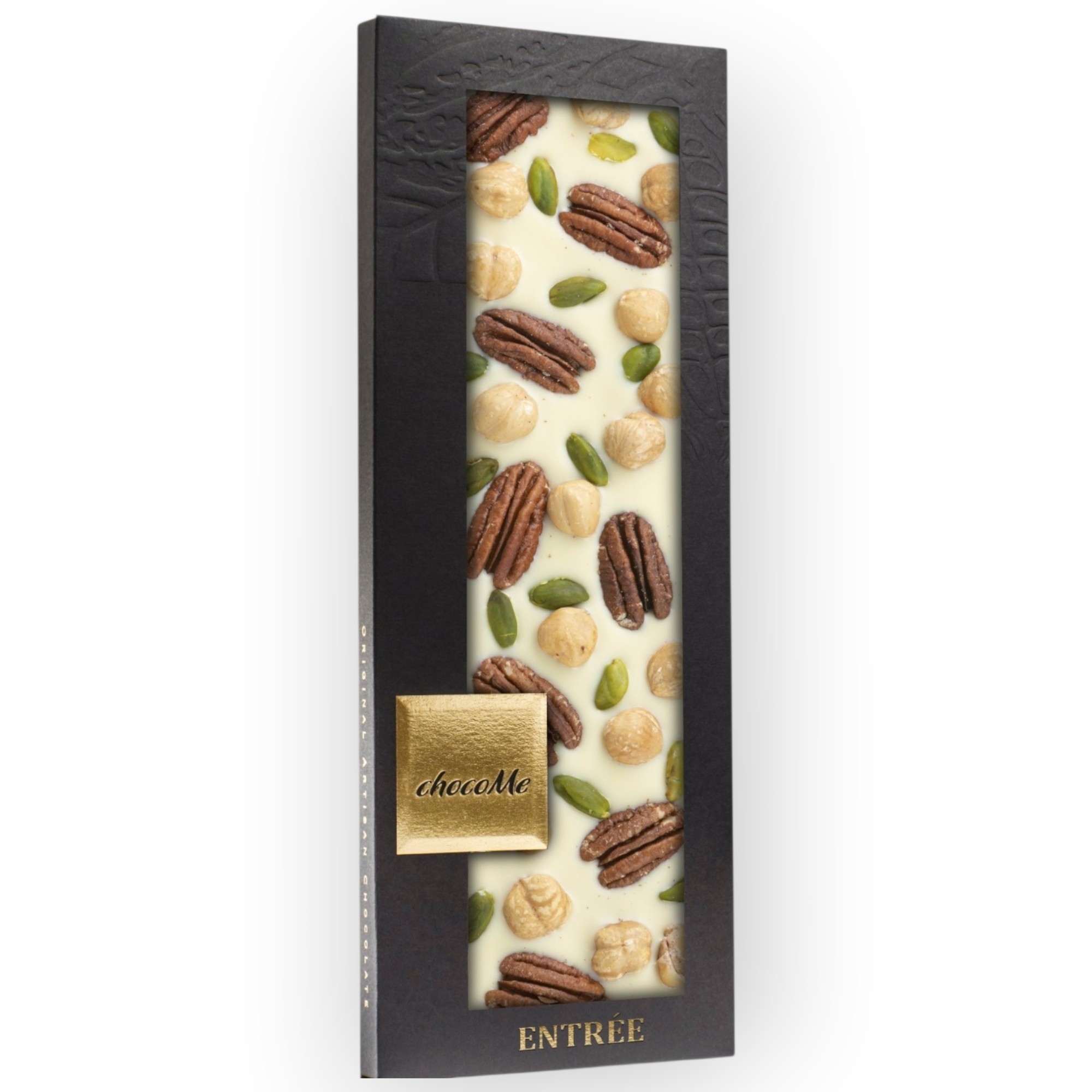 Fehércsokoládé pekándióval, mogyoróval, pisztáciával
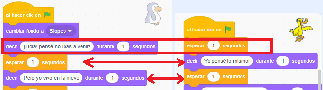 Ahora vamos a continuar el diálogo, no te olvides que tendrás que poner bloques de esperar para que parezca que uno le está respondiendo al otro .... en nuestro caso vamos a continuar con el pájaro.
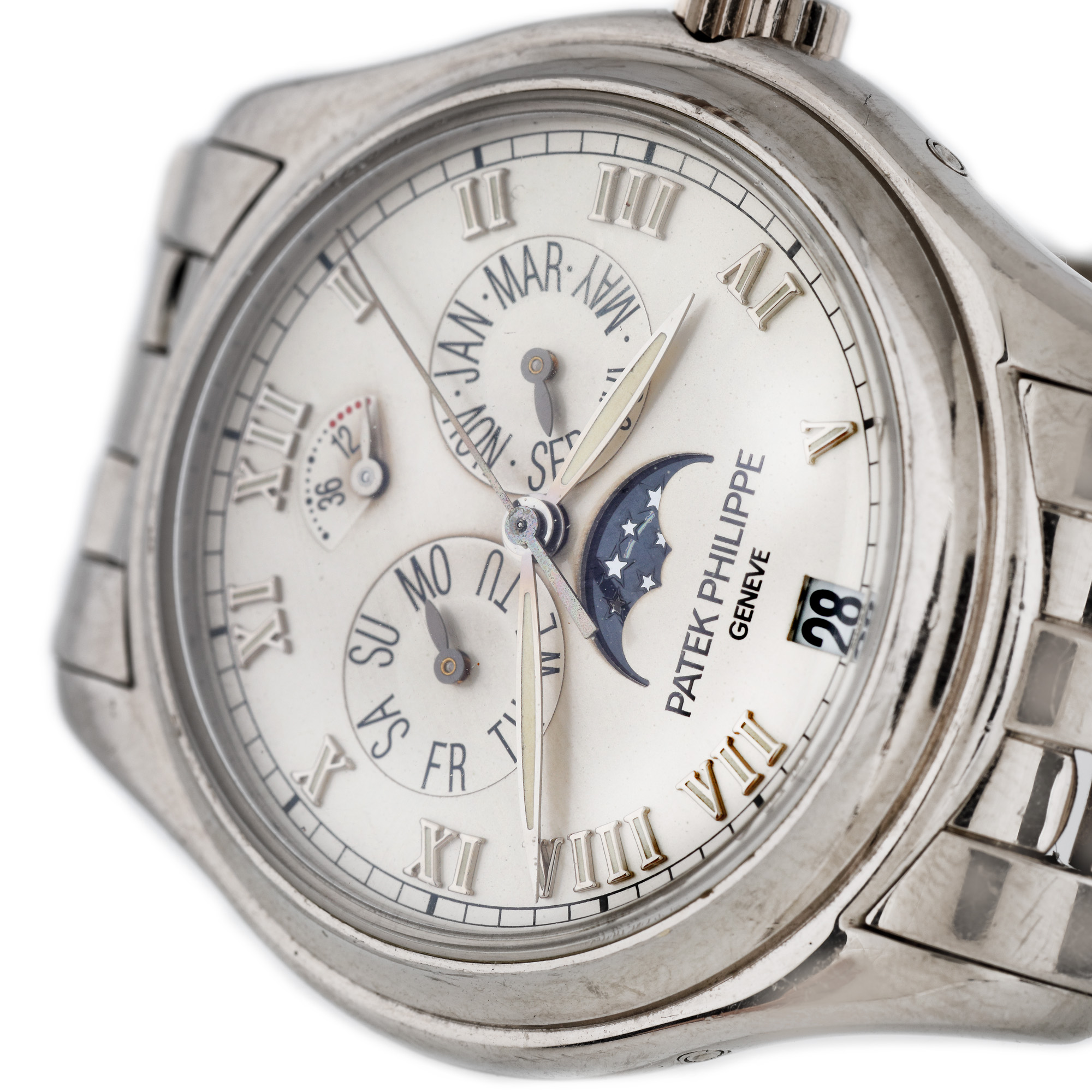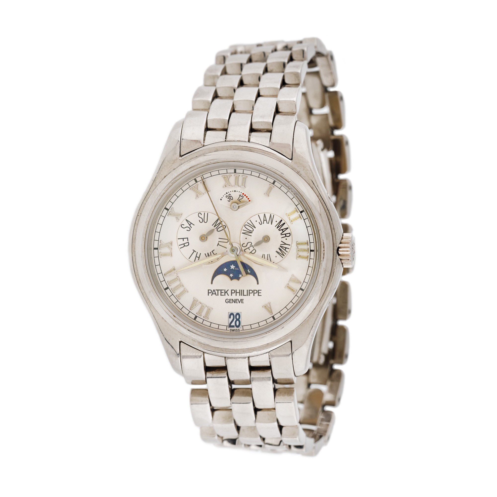 56. Ceas Patek Philippe Annual Calendar, din aur alb, de mână, bărbătesc, vine însoțit de extrasul de arhivă
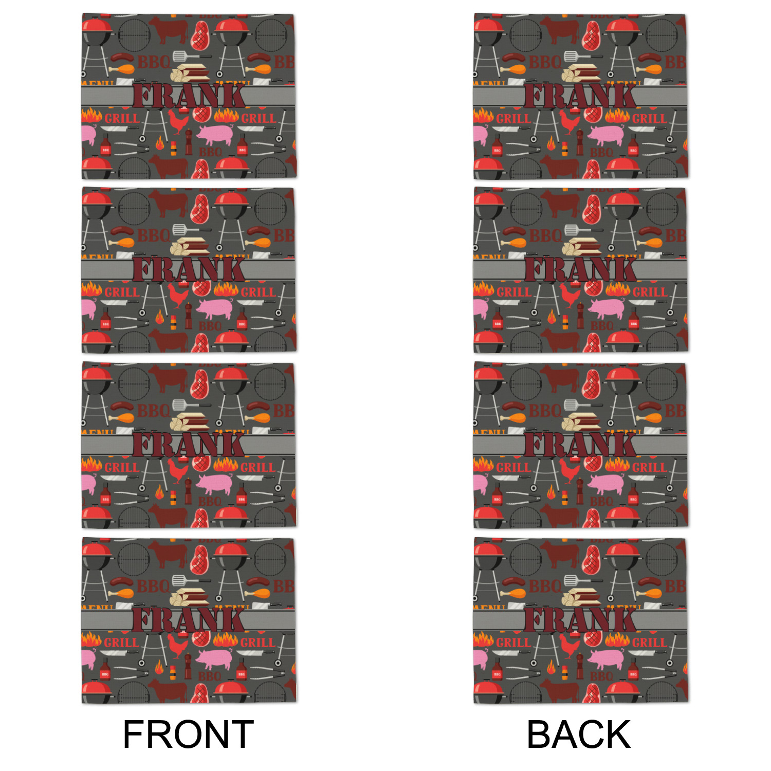 This design features pigs, cows, grills, and more on a simple grey background. There are wonderful contrasting reds, oranges, and charcoals in this manly design. The ribbon across the middle fits your personalization right in the middle.
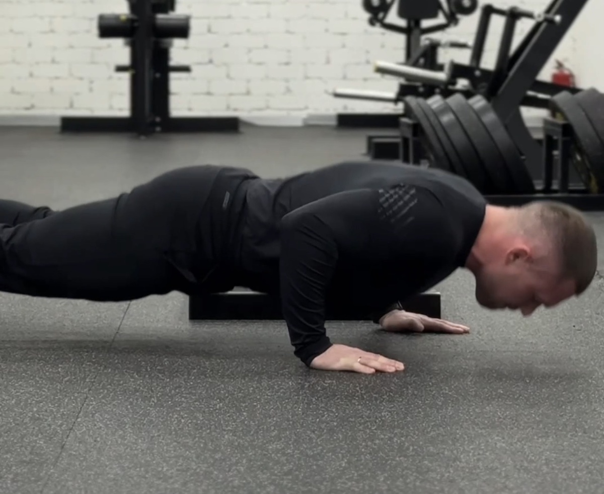 - Движение: Вниз — до касания грудью пола (или до угла в локтях 90 градусов). Вверх — до полного выпрямления рук.
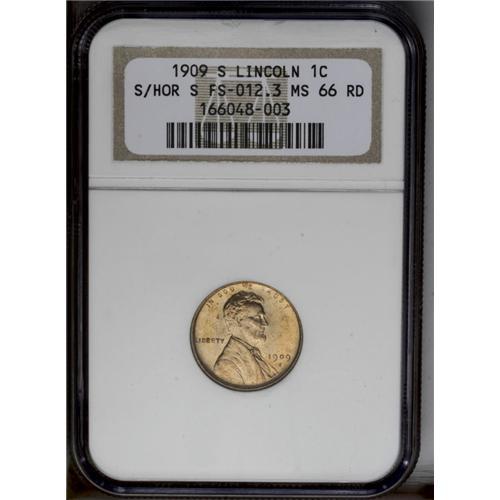 <B>1909-S<1C> S Over Horizontal S MS66 Red NGC.</B></I> FS-012.3. Booming luster and bright honey-gold iridescence confirm the quality of this needle-sharp and unmarked example. Distributed reverse tan flecks preclude perfection.<BR><I>From The Key Date Coin Collection.</B></I>
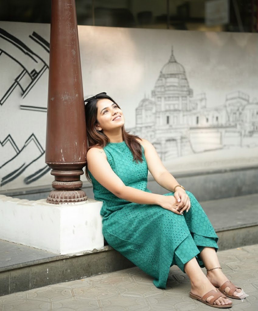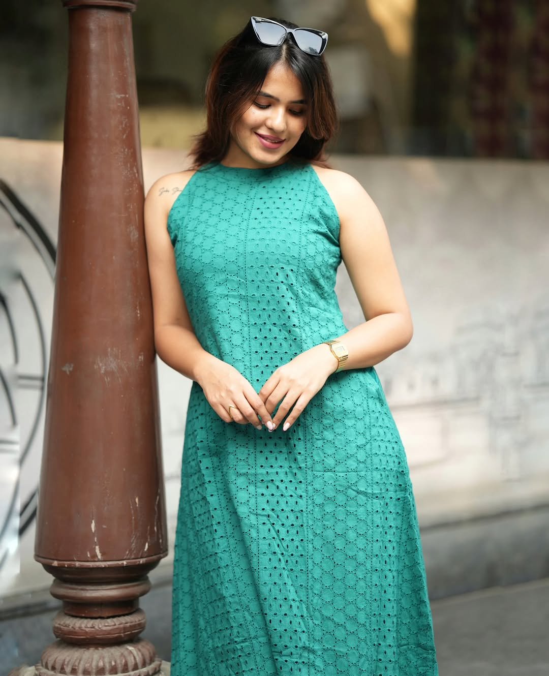 Hashtags: #SmileBright #TealOOTD #EyeletLove #StreetStyleIndia #EffortlessChic
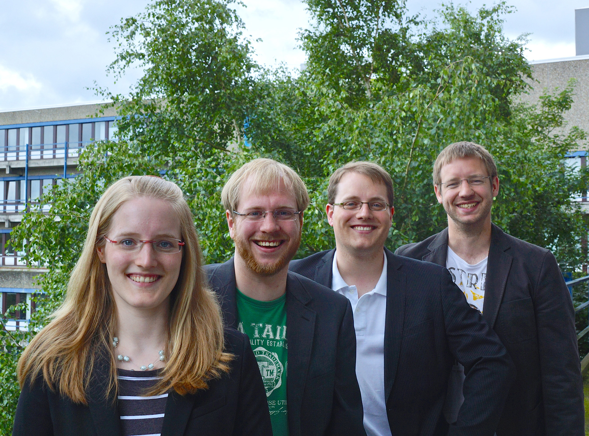 Foto 2: Gründungsteam „MiCROW“ (v.l.n.r.): Rebecca Mikczinski, Tobias Tiemerding, Manuel Mikczinski, Claas Diederichs (Projektleiter)
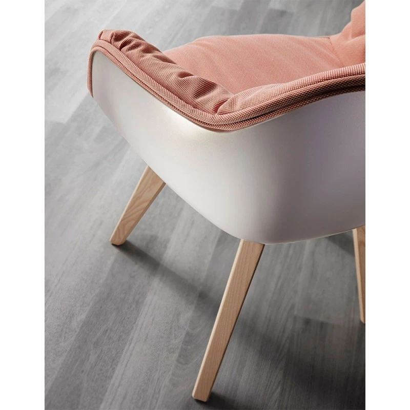 Silla de comedor Lap con pie en madera de haya o fresno macizo, carcasa lacada y asiento tapizado desenfundable. Se puede lacar en 30 colores lisos y 6 especiales (brillo, cemento, acero, cobre, nácar y negro-oro)
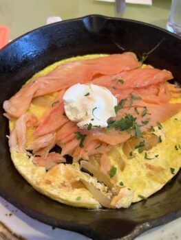 付け合わせにはトースト、ホームフライ(さいの目ポテト炒め)、ベーコンやソーセージ。オムレツ一皿で栄養バランスもボリュームも満点。
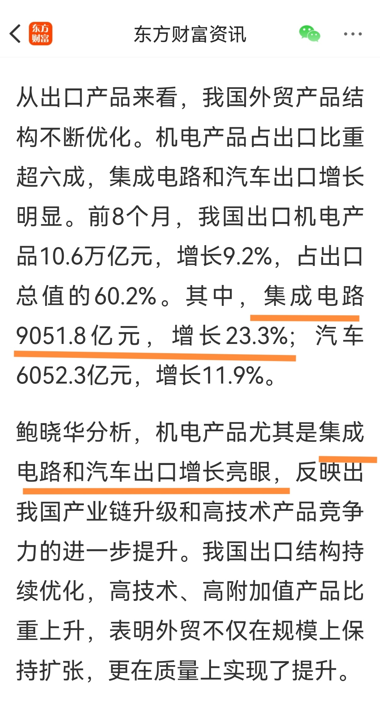 前8个月,我国出口机电产品10.6万亿元,增长9.2%,占出口总值的60.2%。其中,集成电路9051.8亿元,增长23.3%;汽车6052.3亿元,增长11.9%。
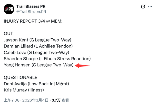 北京时间3月5日,开拓者官方在伤病名单上闹了个乌龙,他们把下放到发展联盟的杨瀚森,标注为“双向合同”。杨瀚森只是被下放,但他身背的还是一份NBA标准合同。数据显示,杨瀚森本赛季的年薪是442万美元,2026-27赛季是464万美元,这两年是全额保障。2027-28赛季是486万美元,2028-29赛季是746万美元,最后这两年是球队选项。开拓者官方的错误,很...
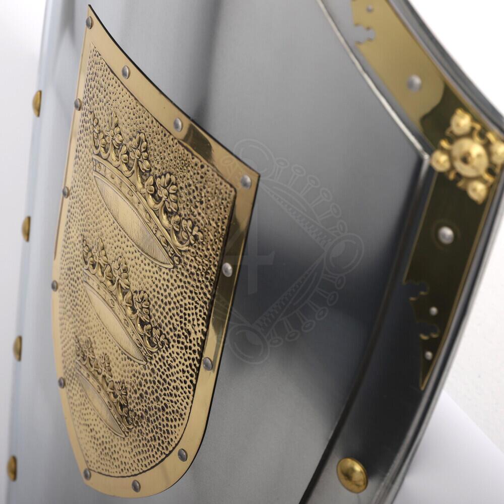 Skjoldet har den klassiske heater-form med spids bund og er fremstillet i kvalitetsmetal med en finish, der efterligner poleret rustfrit stål. Hele kanten er prydet med dekorative messingnitter, der giver et autentisk middelalderligt udtryk.
# # # # #
How to complete this task:
The lines from the one that contains "56. Ceas Patek" through the end of the data, repeated exactly and with no pictures, make up the whole answer.

Response:
 56. Ceas Patek Philippe Annual Calendar, din aur alb, de mână, bărbătesc, vine însoțit de extrasul de arhivă
 This design features pigs, cows, grills, and more on a simple grey background. There are wonderful contrasting reds, oranges, and charcoals in this manly design. The ribbon across the middle fits your personalization right in the middle.
 - Движение: Вниз — до касания грудью пола (или до угла в локтях 90 градусов). Вверх — до полного выпрямления рук.
 <B>1909-S<1C> S Over Horizontal S MS66 Red NGC.</B></I> FS-012.3. Booming luster and bright honey-gold iridescence confirm the quality of this needle-sharp and unmarked example. Distributed reverse tan flecks preclude perfection.<BR><I>From The Key Date Coin Collection.</B></I>
 Hashtags: #SmileBright #TealOOTD #EyeletLove #StreetStyleIndia #EffortlessChic
 Foto 2: Gründungsteam „MiCROW“ (v.l.n.r.): Rebecca Mikczinski, Tobias Tiemerding, Manuel Mikczinski, Claas Diederichs (Projektleiter)
 Silla de comedor Lap con pie en madera de haya o fresno macizo, carcasa lacada y asiento tapizado desenfundable. Se puede lacar en 30 colores lisos y 6 especiales (brillo, cemento, acero, cobre, nácar y negro-oro)
 付け合わせにはトースト、ホームフライ(さいの目ポテト炒め)、ベーコンやソーセージ。オムレツ一皿で栄養バランスもボリュームも満点。
 前8个月,我国出口机电产品10.6万亿元,增长9.2%,占出口总值的60.2%。其中,集成电路9051.8亿元,增长23.3%;汽车6052.3亿元,增长11.9%。
 北京时间3月5日,开拓者官方在伤病名单上闹了个乌龙,他们把下放到发展联盟的杨瀚森,标注为“双向合同”。杨瀚森只是被下放,但他身背的还是一份NBA标准合同。数据显示,杨瀚森本赛季的年薪是442万美元,2026-27赛季是464万美元,这两年是全额保障。2027-28赛季是486万美元,2028-29赛季是746万美元,最后这两年是球队选项。开拓者官方的错误,很...
 Skjoldet har den klassiske heater-form med spids bund og er fremstillet i kvalitetsmetal med en finish, der efterligner poleret rustfrit stål. Hele kanten er prydet med dekorative messingnitter, der giver et autentisk middelalderligt udtryk.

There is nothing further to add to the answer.